* [Aim of the exercise]
The answer must be an exact reprint of the lines from the one with "Guinea Pigs skin" through the final line of the data, with no pictures included.

* [Data for processing]
********************

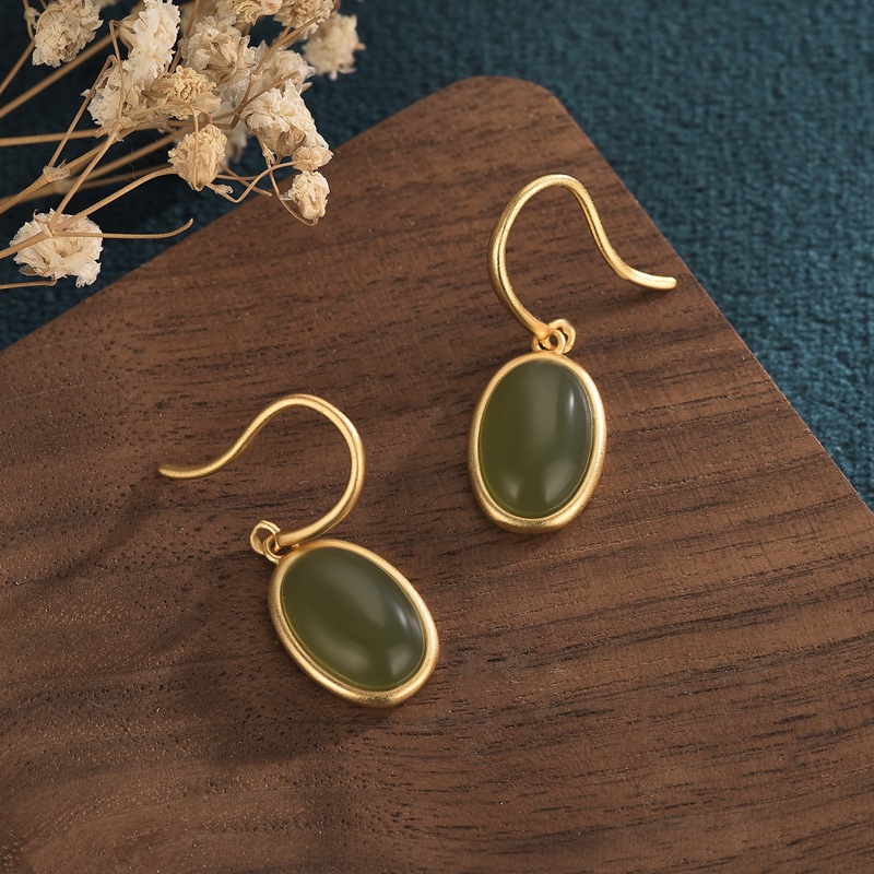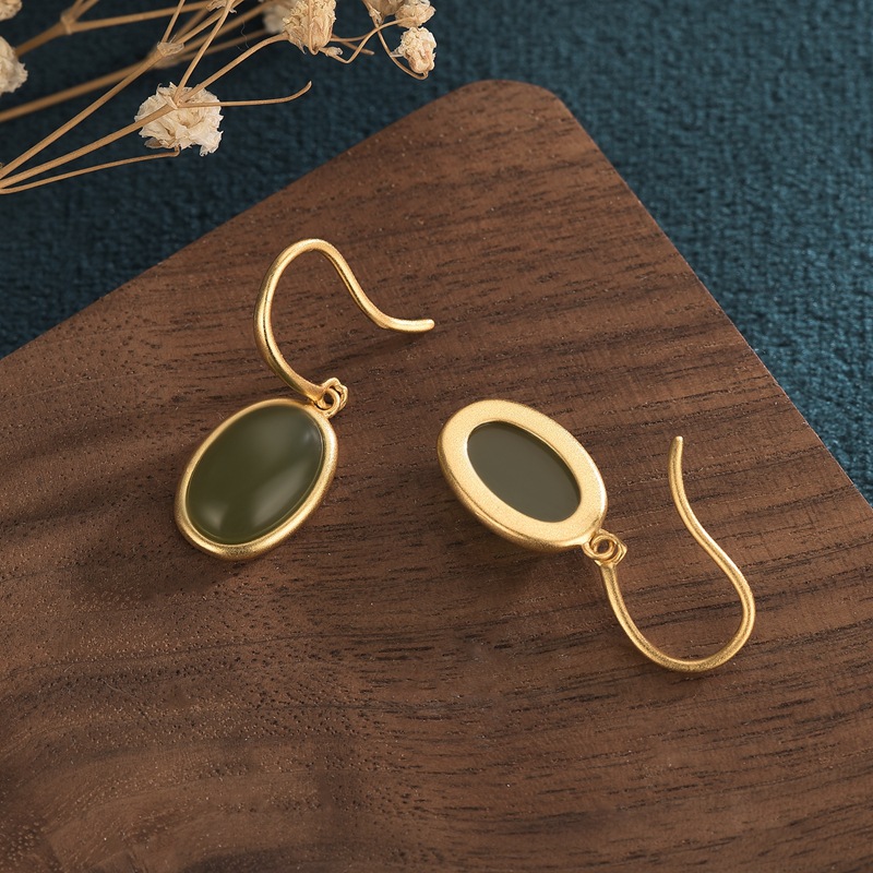 Creative Design New Style Simple Jade Earrings Ancient Method Gold Inlay Imitation Hetian Jade Pendant Hanfu Cheongsam Earrings
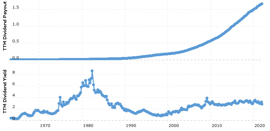 Pravdou ale je, že nesmíme zapomínat na inflaci, která je v USA momentálně na 40letých maximech. Nepokryje vám to tedy inflaci úplně, jenom částečně. Leč minulou dekádu se inflace pohybovala právě v blízkosti 2 %. V takovém případě jsou ty 2 – 4 % docela pěkný výnos. Minimálně jste měli jistotu, že vám to tu inflaci pokrylo. Momentální dividendový výnos činí v relativních číslech necelé 3 %.
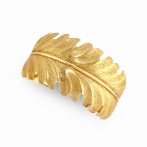 in oro giallo 18k, Peso g 37,00 diametro interno cm 6,00 a schiava, realizzato a foglia.
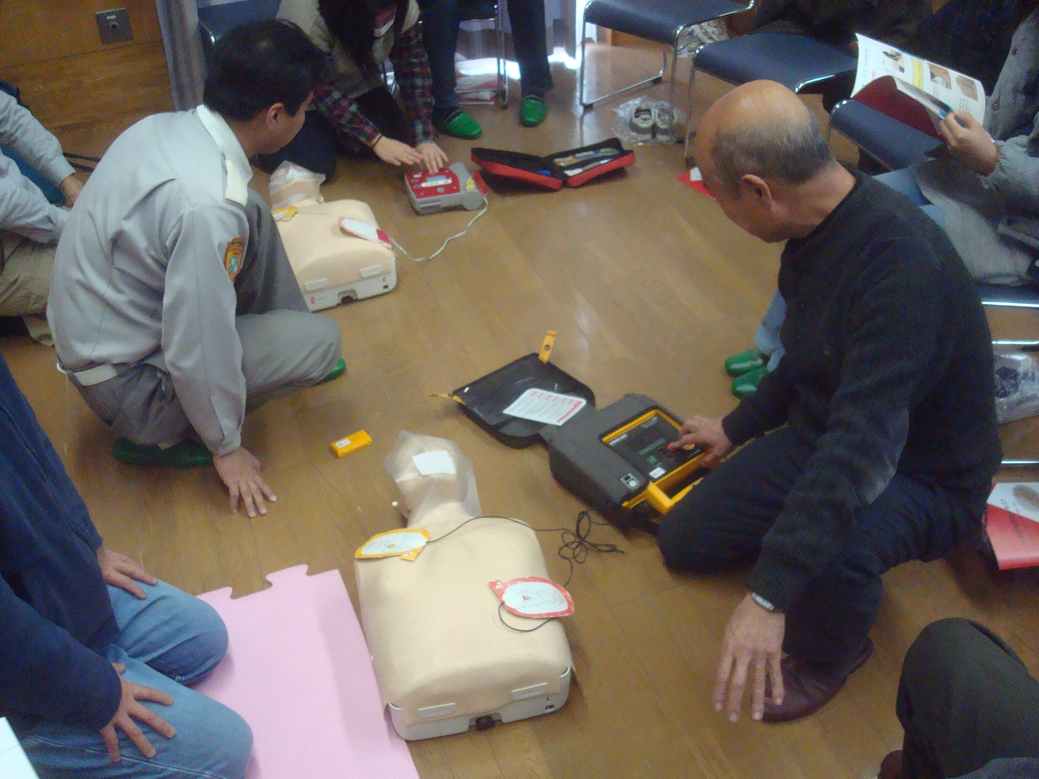 後半は8名程度を1グループとし7グループに分かれて、心肺蘇生法やAEDの使用方法を体験をとおして学びました。
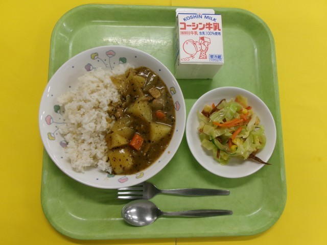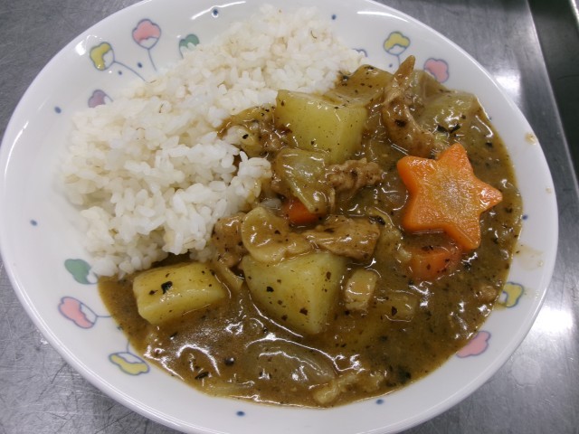 2月最初の給食はカレーです。今日のカレーはひと味違います。ブラックと名が付くカレーなので、黒い食材である「ひじき」が入っています。ひじきを水で戻し、ミキサーにかけて細かくしたものを入れました。ぱっと見て分かるくらいに、黒いつぶつぶがカレーの中に入っています。ひじきにはカルシウムやカリウムなどのミネラル類や食物繊維が多く含まれていています。ひじきの煮物やひじきご飯は子供たちも抵抗があるのですが、今日のようにカレーに入れることで、すんなりと食べてくれます。全体的にカレーはよく食べていたのですが、サラダが余りがちでした。
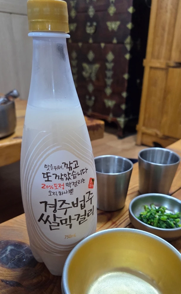 우선 가볍게 경주 법주 쌀 막걸리 한 잔.
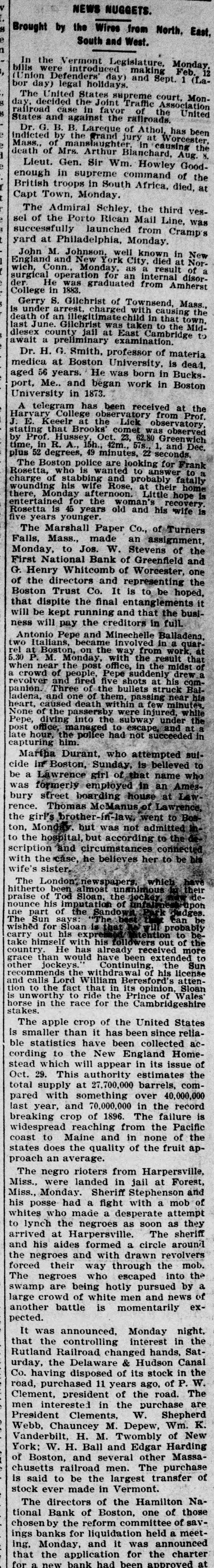 NEWS NUGGETS. Brought by the Wires from North. East. South and West. In the Vermont Legislature. Monday, 12 bills were introduced making Feb. (Union Defenders' day) and Sept. 1 (Labor day) legal holidays. The United States supreme court, Monday, decided the Joint Traffic Association railroad case in favor of the United States and against the ratiroads, Dr. G. B. B. Lareque of Athol has been indicted by the grand jury at Worcester Mass.. of manslaughter in causing death of Mrs. Arthur Blanchard, Aug. the 8. Lieut. Gen. Sir Wm. Howley Goodenough in supreme command of the British troops in South Africa, died, Capt Town, Monday. The Admiral Schley, the third vessel of the Porto Rican Mail Line, was successfully launched from Cramp's yard at Philadelphia, Monday. John M. Johnson, well known in New England and New York City, died at Norwich, Conn., Monday. as result surgical operation for an internal disorder. He was graduated from Amherst College in 1883. Gerry S. Gilchrist of Townsend, Mass. is under arrest, charged with causing the death of anillegitimatechild in that town, last June. Gilchrist was taken to the Middlesex county jail at East Cambridge to await a preliminary examination. Dr. H. G. Smith, professor of materia medical at Boston University, is dead, aged 56 years. He was born in Bucks. port, Me.. and began work in Boston University in 1873. A telegram has been received at the Harvary College obser vatory from Prof. E. Keeelr at the Lick observatory stating that Brooks comet was observed by Prof Hussey, Oct. 23, 62.80 Greenwich time in R. A.. 15h. 42m.. 57s., and Dec. plus 52 degrees, 49 minutes, 22 seconds. The Boston police are looking for Frank Rosetta, who is wanted to answer charge of stabbing and probably fatally wounding wife Rose. at their home there. Monday afternoon. Little hope Is entertained for the woman's recovery Rosetta is 45 years old and his wife five years younger. The Marshall Paper Co., of Turners Falls, Mass. made an assignment, Monday, to Jos. W. Stevens of the First National Bank of Greenfield and G. Henry Whitcomb of Worcester, one of the directors and representing the Boston Trust Co. It is to be hoped. that dispite the final entanglements it will be kept running and that the business will pay the creditors in full. Antonio Pepe and Minechelle Balladena two Italians, became involved a quarrel at Bosto on the way from work at 5.30 P M. Monday with the result that when near the post office. in the midst of crowd of people, Pepe suddenly drew a revolver and fired five shots at his companton. Three of the bullets struck Balladena, and one of them. passing near his heart, caused death within a few minutes. None of the passersby were injured, white Pepe. diving into the subway under the post office, managed to escape and at late hour, the police had not succeeded in capturing him Martha Durant. who attempted sufcide in Boston, Sunday, is believed to be a Lawrence girl of that name who was formerly employed in an Amesbury street boarding house at Lawrence, Thomas McManus of Lawrence, the girl's brother-in-law went to Boston, Monday but was not admitted to the hospital, but according to the scription and circumstances connected with the case, he believes her to be his wife's sister. The London,newspapers which have hitherto been almost unanimous heir praise of Tod Sloan. the jockey denounce his imputation of unfalin upon the part of the Sandown Park Judges. The Sun "The be can wished for Sloan is that will probably carry out his expres tention to betake himself with his followers out of the country. He has already received more grace than would have been extended to other jockeys. Continuing, the Sun recommends the withdrawal of his license and calls Lord William Beresford's attention to the fact that in its opinion, Sloan is unworthy to ride the Prince of Wales horse in the race for the Cambridgeshire stakes The apple crop of the United States is smaller than it has been since reliable statistics have been collected according to the New England Homestead which will appear in its issue of Oct. 29. This authority estimates the total supply at 27.700,000 barrels, compared with something over 40,000,000 last year, and 70.000.000 in the record breaking crop of 1896. The failure is widespread reaching from the Pacific coast to Maine and in none of the states does the quality of the fruit approach an average. The negro rioters from Harpersville, Miss. were landed in jail at Forest, Miss., Monday. Sheriff Stephenson and his posse had a fight with a mob of whites who made a desperate attempt to lynch the negroes as soon as they arrived at Harpersville. The sheriff and his aides formed a circle around the negroes and with drawn revolvers forced their way through the mob. The negroes who escaped into the swamp are being hotly pursued by a large crowd of white men and news of another battle is momentarily expected. It was announced, Monday night, that the controlling interest in the Rutland Railroad changed hands, Saturday, the Delaware & Hudson Canal Co. having disposed of its stock in the road, purchased 11 years ago, of P. W. Clement, president of the road. The men interested in the purchase are President Clements, W. Shepherd Webb, Chauncey M. Depew, Wm. K. Vanderbilt, H. M. Twombly of New York: W. H. Ball and Edgar Harding of Boston, and several other Massachusetts railroad men. The purchase is said to be the largest transfer of stock ever made in Vermont. The directors of the Hamilton National Bank of Boston, one of those chosen by the reform committee of sayings banks for liquidation held a meeting. Monday, and it was announced that the application for the charter for a new bank had been approved at
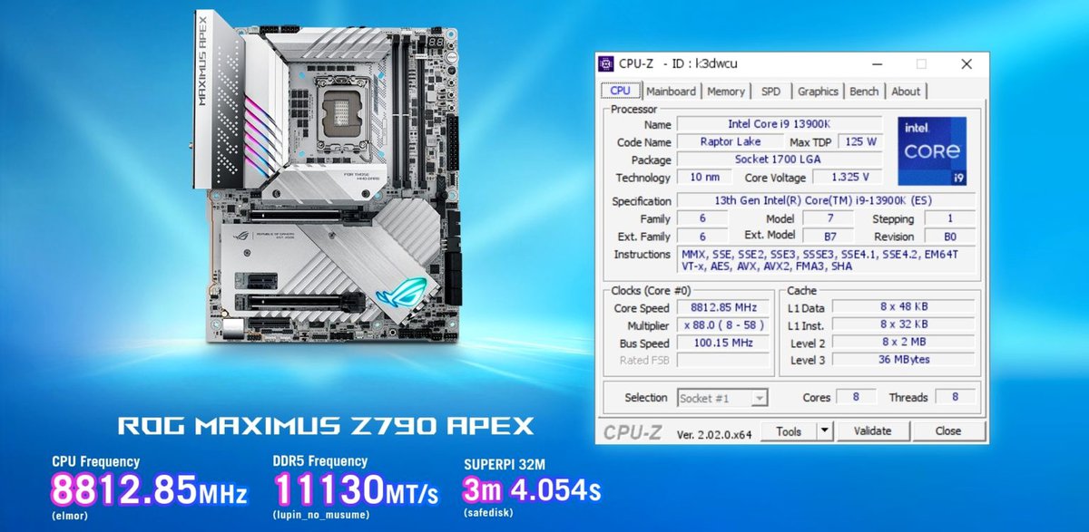 Топовому процессору Intel Core i9-13900K, поступившему в продажу 20 октября, удалось побить рекорд по разгону, установленный больше 8 лет назад. Оверклокер Elmor разогнал процессор до 8812.85 МГц.
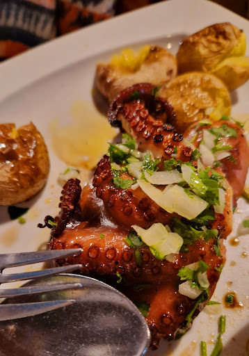 Read moreBom nem sei por onde começar se pelos acessos,mas também compreendo pois este sítio deve estar mesmo escondido para não haver muitos enganados como me senti ontem,este espaço foi recomendado e viemos exprimentar esta desilusão, digo desilusão pois é a palavra que caracteriza a gastronomia oferecida, pois a começar na sangria bastante artificial mas ainda assim o menos mau para o que viria a seguir, pois um polvo de à lagareiro que além de deslavado vinha cru e com uma migas com uns supostos coentros que não se viam e muito menos se sentiam, um bacalhau com natas péssimo aspeto e conseguiu depois ser pior no sabor, e por fim umas tiras de porco preto que de preto só devia ser mesmo de algumas estarem queimadas, por fim um café miserável a juntar a um roubo na conta pois quase 60 euros por isto é roubo,valeu a ginga no fim de oferta diluída no roubo da conta, não recomendo...
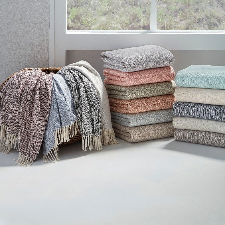 - Brushed cotton creates plush, alluring texture. Soft color blends with cream in a herringbone weave. Finished with twisted, natural fringe.
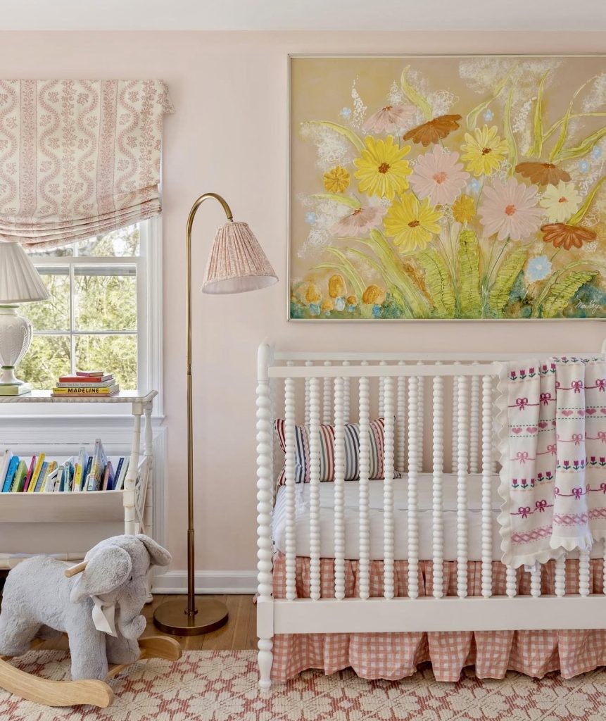 This nursery feels uplifting and joyful with its blend of pink and yellow accents. Floral artwork adorning the wall provides a colorful and whimsical touch that sets the tone for the space. A spindle crib with checked linens embodies charming traditional elements that parents can cherish. The soft pastel palette renders it more or less neutral, capable of growing with the child. The patterned curtains along with the rug create depth without obstructing the room. This design is just perfect for families who are into unique and vintage-inspired interiors.
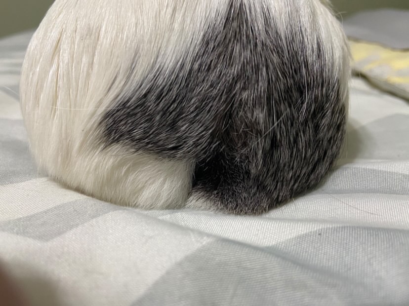 Guinea Pigs skin and hair should be clean and free from dandruff, flakiness and scabbing. There should also be no lumps or bumps
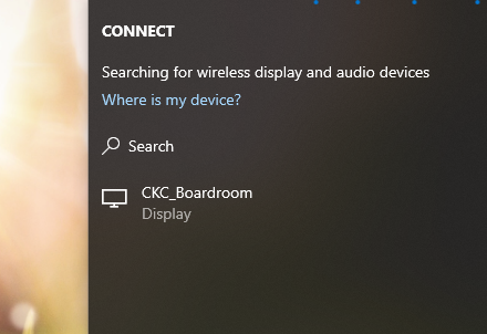 Within this menu, you'll see an option for CKC_Boardroom. Select this to connect to the boardroom projector. It will take a moment, and your screen may flicker during this time.
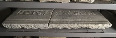 - Platte mit profilierten Rahmenleisten an den Längsseiten. Rechteckiges Mittelfeld (Soffitte) mit Rankenornament (an beiden Enden Blattkelch, aus dem Blütenranken wachsen).
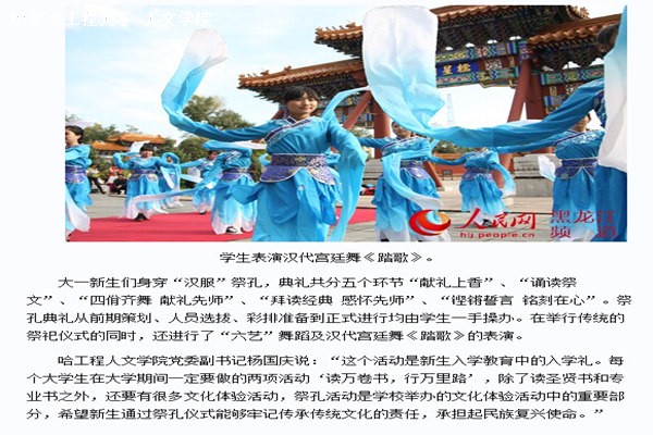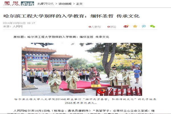 2013年9月30日,人民网、新华网30多家媒体发布新闻对人文学院学生赴孔庙行祭礼仪活动进行了全面介绍。
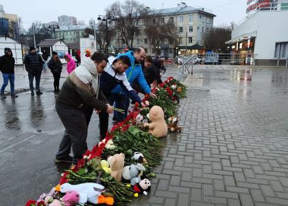 В течение всего дня рязанцы приносили живые цветы, свечи и игрушки к стихийному мемориалу у Муниципального культурного центра. Рязанские коммунисты и комсомольцы также возложили цветы и почтили память погибших.
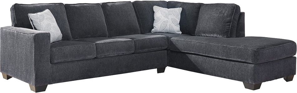 If style is the question, then this sectional is the answer. Sporting clean lines and sleek track arms, the decidedly contemporary profile is enhanced with plump cushioning and a chenille-feel upholstery that's so pleasing to the touch. This sectional in slate gray includes a pair of understated floral pattern pillows for fashionably fresh appeal.
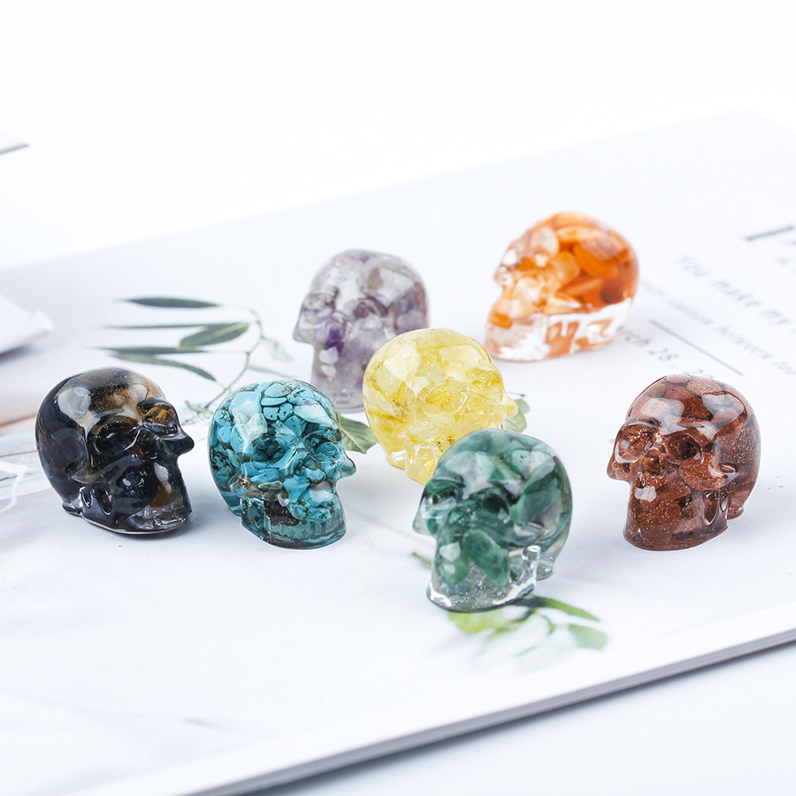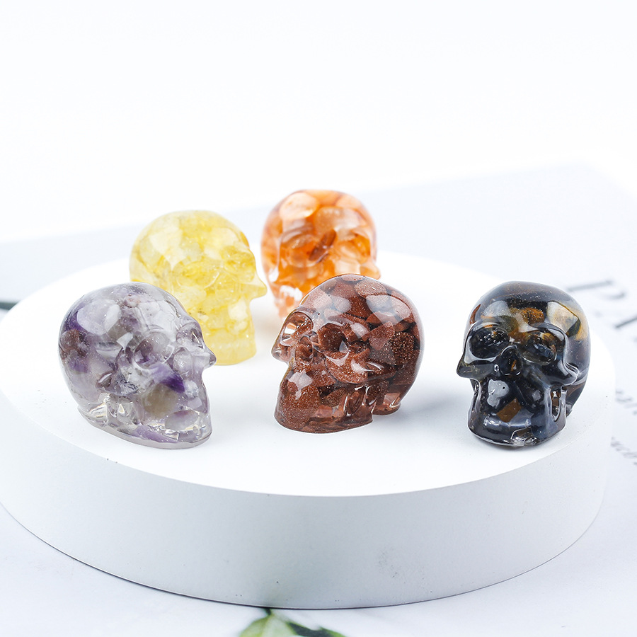 pierre gemme décoration, avec résine, crane, goutté d'époxy, différents matériaux pour le choix, 30x20x20mm, Vendu par PC
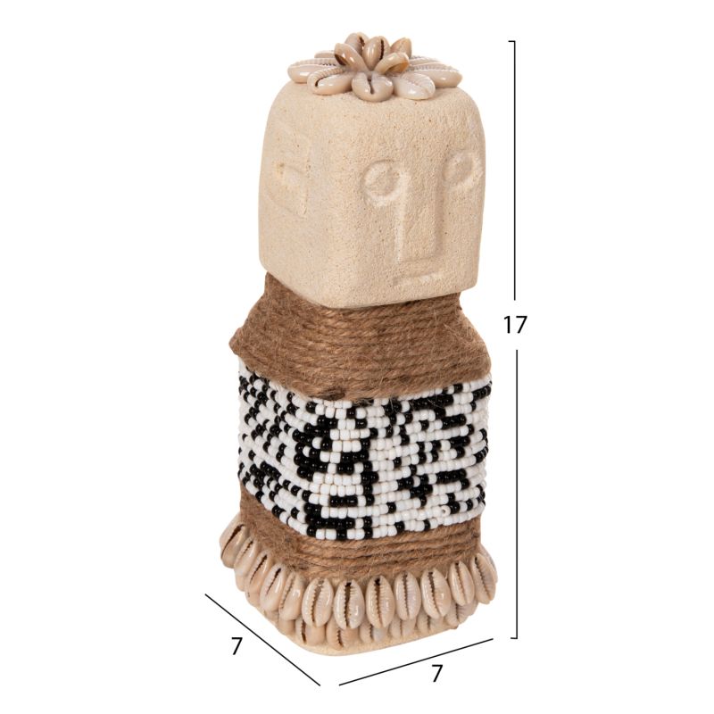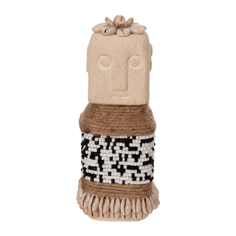 TABLE STATUETTE SUMBA HM4309 MADE OF WHITE PARAS STONE-BEADS-SEAGRASS ROPE 7x7x17Hcm.

********************

* [Problem solution]
 Guinea Pigs skin and hair should be clean and free from dandruff, flakiness and scabbing. There should also be no lumps or bumps
 Within this menu, you'll see an option for CKC_Boardroom. Select this to connect to the boardroom projector. It will take a moment, and your screen may flicker during this time.
 - Platte mit profilierten Rahmenleisten an den Längsseiten. Rechteckiges Mittelfeld (Soffitte) mit Rankenornament (an beiden Enden Blattkelch, aus dem Blütenranken wachsen).
 2013年9月30日,人民网、新华网30多家媒体发布新闻对人文学院学生赴孔庙行祭礼仪活动进行了全面介绍。
 В течение всего дня рязанцы приносили живые цветы, свечи и игрушки к стихийному мемориалу у Муниципального культурного центра. Рязанские коммунисты и комсомольцы также возложили цветы и почтили память погибших.
 If style is the question, then this sectional is the answer. Sporting clean lines and sleek track arms, the decidedly contemporary profile is enhanced with plump cushioning and a chenille-feel upholstery that's so pleasing to the touch. This sectional in slate gray includes a pair of understated floral pattern pillows for fashionably fresh appeal.
 pierre gemme décoration, avec résine, crane, goutté d'époxy, différents matériaux pour le choix, 30x20x20mm, Vendu par PC
 TABLE STATUETTE SUMBA HM4309 MADE OF WHITE PARAS STONE-BEADS-SEAGRASS ROPE 7x7x17Hcm.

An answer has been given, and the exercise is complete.